Ooit was de Dacia 1300 een veel voorkomende verschijning op de Poolse wegen. Helaas is dit overblijfsel uit het verleden tegenwoordig een echte zeldzaamheid, en voorbeelden in goede staat zijn alleen te vinden in NRL-automusea of ​​in de garages van verzamelaars die terughoudend zijn om hun schatten aan het licht te brengen. Het is niet verwonderlijk dat deze auto's een enorme hoeveelheid geschiedenis bevatten, behoorlijk turbulent, buitengewoon interessant en vol autohart.

Laten we na een licht melancholische inleiding terugkeren naar de oorsprong van het merk Dacia. We beginnen met de basis, d.w.z. waar komt de merknaam vandaan. De oorsprong is vrij ingewikkeld, aangezien het Roemeense merk, dat natuurlijk zijn oorsprong vindt in Roemenië onder de naam Uzina De Autoturisme Pitesti, afkomstig is uit de Romeinse provincie Dacia. Ooit lag deze provincie op het grondgebied van het huidige Roemenië. Aanvankelijk werd dit land gevormd door natuurlijke grenzen - vanuit het noorden grensde het aan de Karpaten, vanuit het oosten aan de rivier de Prut, vanuit het zuiden aan de benedenloop van de Donau en in het westen met het centrale deel. Maar laten we een einde maken aan geohistorische ingewikkeldheden en terugkeren naar onze hoofdpersoon.

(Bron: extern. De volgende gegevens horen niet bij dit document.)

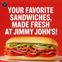 At Jimmy John’s, every sandwich is crafted with freshly baked bread, hand-sliced meats, and crisp veggies for unbeatable flavor in every bite. Whether it’s lunch, dinner, or a quick snack, we’ve got your cravings covered. Order online or through the Jimmy John’s app for pickup or freaky fast delivery today!
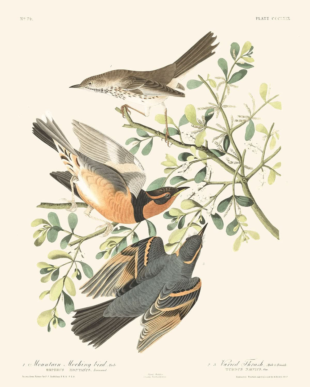 Mountain Mockingbird and Varied Thrush by John James Audubon, 1827
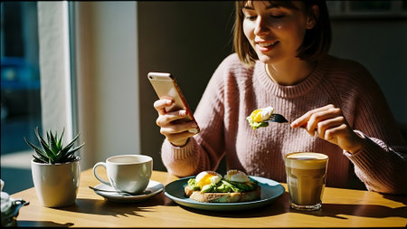 Young woman using mobile phone while having breakfast in cafe. Female using smartphone.
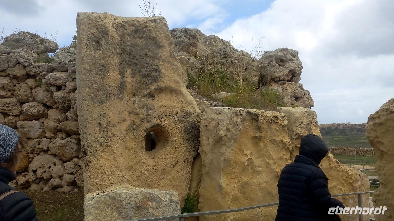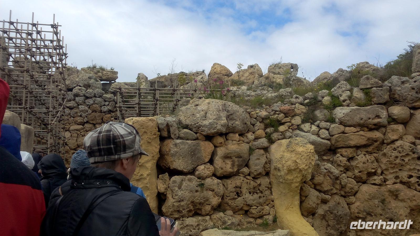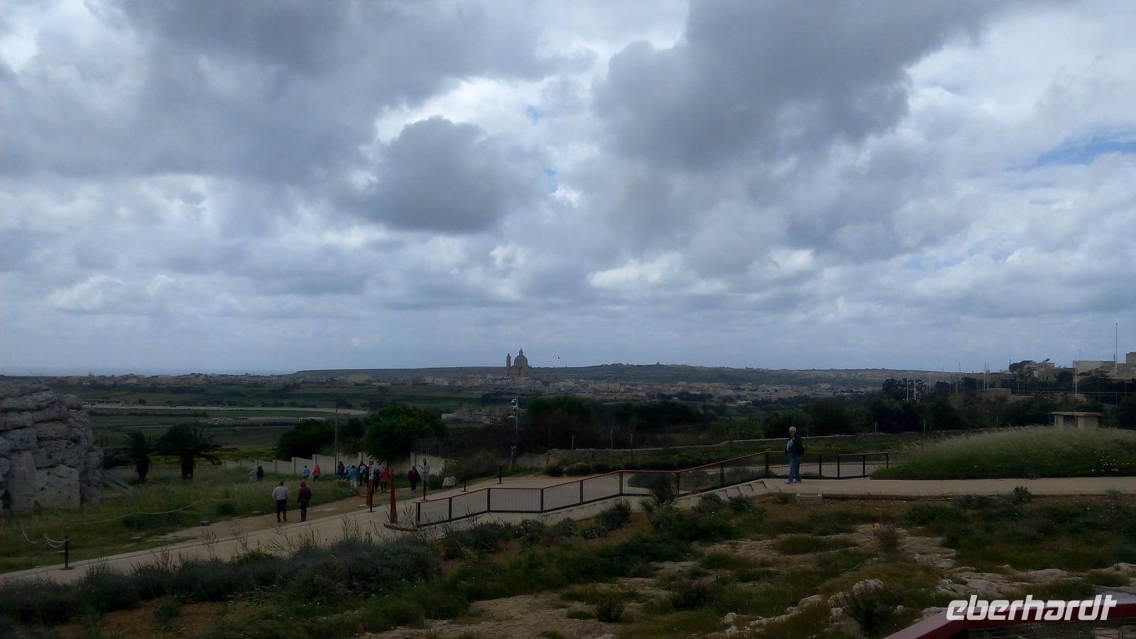 Wir treffen uns in Mgarr am Bus und fahren als Erstes zur Tempelanlage Ggantija Tempel in Xaghra. Diese Anlage soll zwischen 3.600 und 2.400 v. Ch errichtet wurden sein und wurde noch nicht überdacht. Wir kommen durch das moderne Besucherzentrum und werden auch hier zum geschichtlichen Hintergrund und zu bedeutenden Funden informiert. Der Komplex von Ggantja besteht aus zwei nebeneinanderliegenden Tempeln, die die Gozianer 1827 freigelegt haben. Für sie waren diese das Werk einer Riesin, die die gesamte Anlage in einer einzigen Nacht erbaut haben soll und dabei noch ihr Kind auf dem Arm trug.
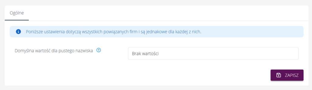 W celu usprawnienia procesu przygotowywania dokumentacji do urzędów dla pracowników nie posiadających nazwiska, w systemie została dodana opcja „Domyślna wartość dla pustego nazwiska”. Podczas generowania, np. deklaracji ZUS/PIT, system automatycznie uzupełni brakujące nazwisko wartością wprowadzoną w tym polu.
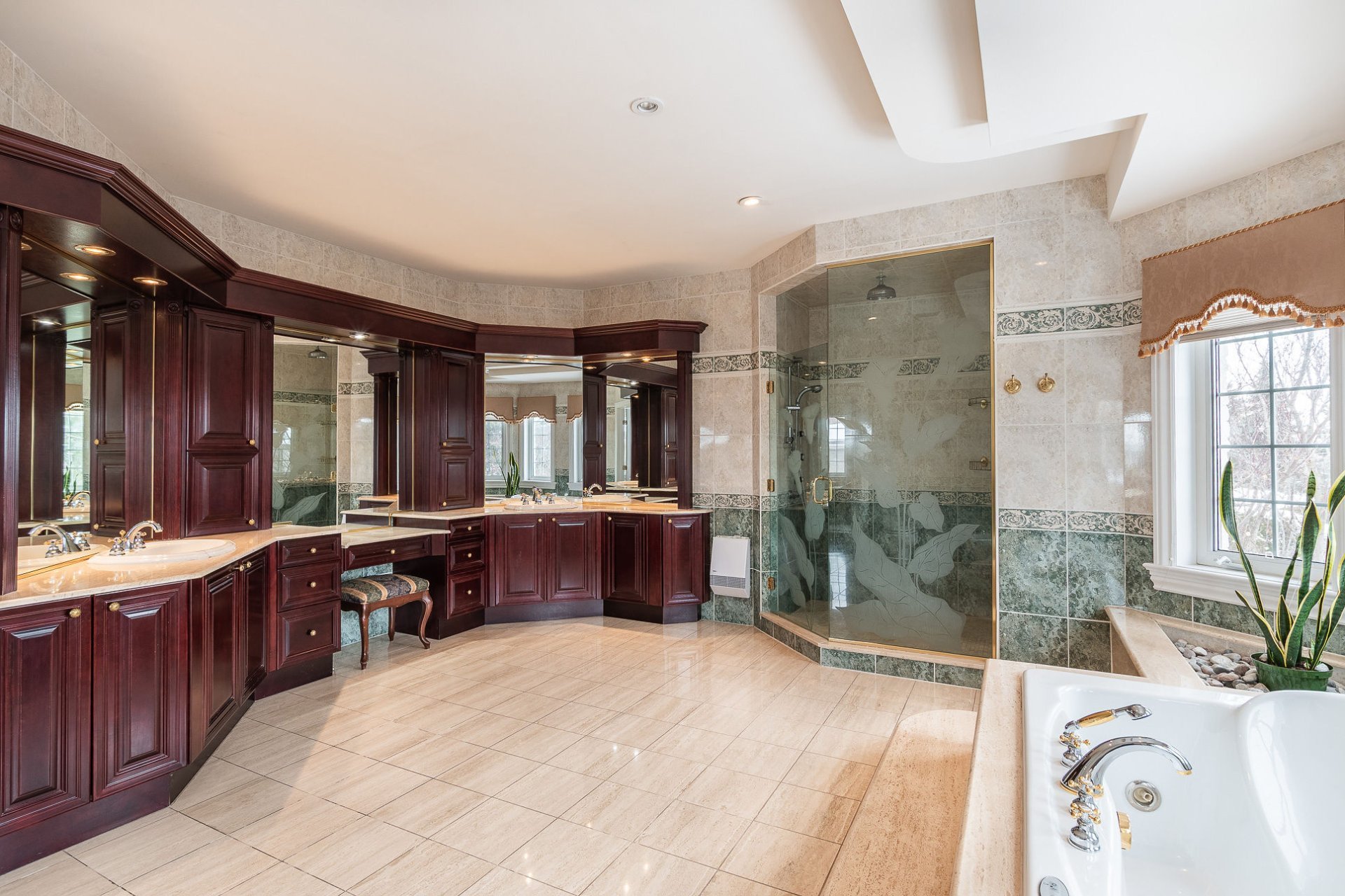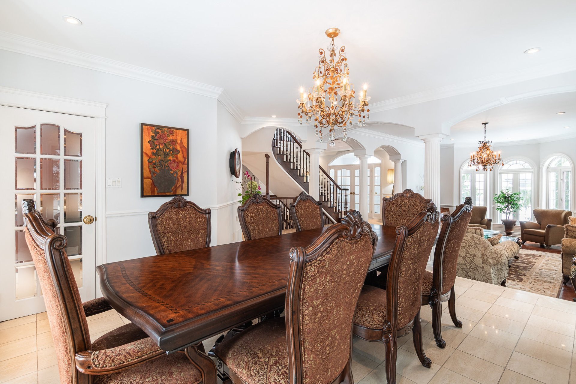 Superbe propriété en brique de grande dimension, située dans un cul-de-sac paisible. Conçue pour les acheteurs exigeants, elle offre un élégant escalier central, des planchers en chevrons au salon et à la salle familiale, ainsi qu'un bureau au rez-de-chaussée. La cuisine spacieuse s'ouvre sur la dinette avec accès à la terrasse et vue sur la piscine. À l'étage : quatre chambres, dont une suite principale de style retraite, trois salles de bain complètes et une seconde salle familiale convertible en cinquième chambre. Le sous-sol à hauts plafonds est idéal pour une vie intergénérationnelle avec chambres, salles de bain, sauna et espaces de vie
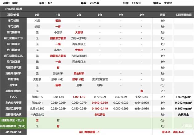 测试方法:将测试车辆在自然环境中,打开车门车窗进行完全通风;随后,将一根硅胶软管固定在司机头枕附近,模拟人呼吸位置;关闭车门车窗,将车辆停在恒温23±1℃的环境中密封静置16小时;使用采样仪从软管泵吸出10升车内空气,与酚试剂反应;将显色剂滴入酚试剂中,静置15分钟;使用醛正甲醛检测仪将显色后的样本进行检测,得出结果。
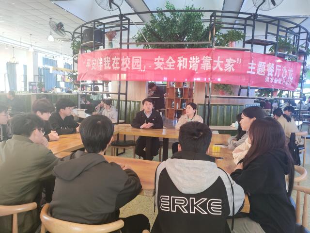 为进一步提高师生安全意识,让学生们参与到创建安全和谐校园的行动中,2024年4月9日,拉斯维加斯·娱乐城 师生们在西校区南苑餐厅二楼开展了以“平安伴我在校园 安全和谐靠大家”为主题的餐厅沙龙活动。学院团委书记孔德滕,学院辅导员孙云霞与各学生会代表共同参与了本次沙龙活动。

De meeste mensen die ooit contact hebben gehad met het merk Dacia denken dat het bedrijf sinds kort volledig in handen is van het Franse Renault. Hier zit natuurlijk een kern van waarheid in, maar weinig mensen weten dat de Roemeense fabriek bijna vanaf het begin van haar bestaan ​​nauw samenwerkt met de Fransen. Laten we naar het begin gaan, d.w.z. tot de oprichting van het merk Dacia in 1952 in de vorm van Uzina de Autoturisme Pitesti, met zijn hoofdfabriek in Kolibashi (nu Mioveni) in de buurt van Pitesti. Bijna 10 jaar geleden begon hier de productie van onderdelen voor vliegtuigen, dus het was niet moeilijk om assemblagelijnen voor de productie van auto's opnieuw te ontwerpen.

Zoals eerder vermeld, heeft Dacia bijna vanaf het begin nauw samengewerkt met Renault. De Roemeense fabriek gebruikte niet alleen de technologieën van het Franse concern, maar produceerde ook auto's onder haar licentie, zoals we nu zullen zien. Het is waar dat Dacia verschillende keren probeerde om iets van zichzelf te creëren, zoals een auto genaamd Mioveni in 1966, maar deze en andere pogingen waren niet succesvol. Dacia heeft besloten om zijn ambities op te geven ten gunste van bewezen ontwikkelingen. In ieder geval tijdelijk.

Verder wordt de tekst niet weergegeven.